A. For the purposes of this section, "technical violation" means a violation based on the probationer's failure to (i) report any arrest, including traffic tickets, within three days to the probation officer; (ii) maintain regular employment or notify the probation officer of any changes in employment; (iii) report within three days of release from incarceration; (iv) permit the probation officer to visit his home and place of employment; (v) follow the instructions of the probation officer, be truthful and cooperative, and report as instructed; (vi) refrain from the use of alcoholic beverages to the extent that it disrupts or interferes with his employment or orderly conduct; (vii) refrain from the use, possession, or distribution of controlled substances or related paraphernalia; (viii) refrain from the use, ownership, possession, or transportation of a firearm; (ix) gain permission to change his residence or remain in the Commonwealth or other designated area without permission of the probation officer; or (x) maintain contact with the probation officer whereby his whereabouts are no longer known to the probation officer. Multiple technical violations arising from a single course of conduct or a single incident or considered at the same revocation hearing shall not be considered separate technical violations for the purposes of sentencing pursuant to this section.

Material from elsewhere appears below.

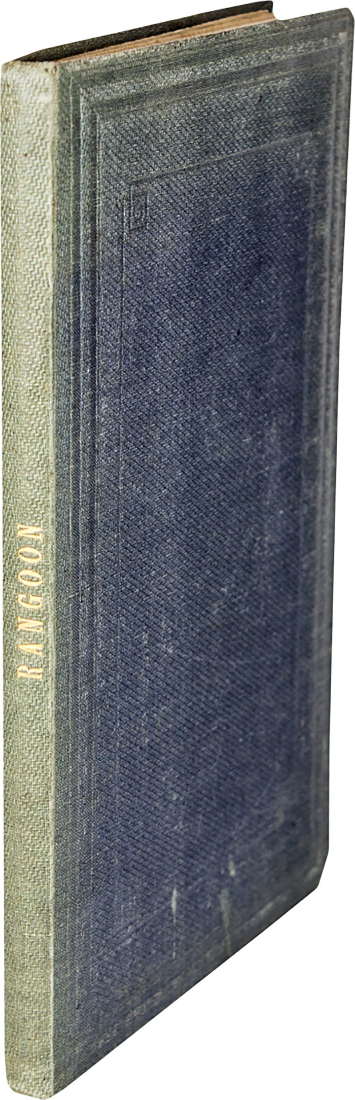 In-8° (mm 223x140). Pagine VII, [1]; 78, [2], con 4 tavole incise a colori. Frontespizio preceduto da antiporta colorata protetta da velina e 3 tavole di imbarcazioni di porti Birmani ripiegate a inizio volume. Alcune tracce di foxing, ma esemplare discreto e intonso. Legatura in tela editoriale coeva leggermente lisa con titolo dorato impresso al dorso.

B. If the court finds the basis of a violation of the terms and conditions of a suspended sentence or probation is that the defendant was convicted of a criminal offense or has violated another condition other than a technical violation, then the court may pronounce whatever sentence might have been originally imposed.
C. The court shall not impose a sentence of a term of incarceration upon a first technical violation of the terms and conditions of a suspended sentence or probation, and there shall be a presumption against imposing a sentence of a term of incarceration for any second technical violation of the terms and conditions of a suspended sentence or probation. However, if the court finds, by a preponderance of the evidence, that the defendant committed a second technical violation and he cannot be safely diverted from incarceration through less restrictive means, the court may impose not more than 14 days of incarceration for a second technical violation. The court may impose whatever sentence might have been originally imposed for a third or subsequent technical violation. For the purposes of this subsection, a first technical violation based on clause (viii) or (x) of subsection A shall be considered a second technical violation, and any subsequent technical violation also based on clause (viii) or (x) of subsection A shall be considered a third or subsequent technical violation.
D. The limitations on sentencing in this section shall not apply to the extent that an additional term of incarceration is necessary to allow a defendant to be evaluated for or to participate in a court-ordered drug, alcohol, or mental health treatment program. In such case, the court shall order the shortest term of incarceration possible to achieve the required evaluation or participation.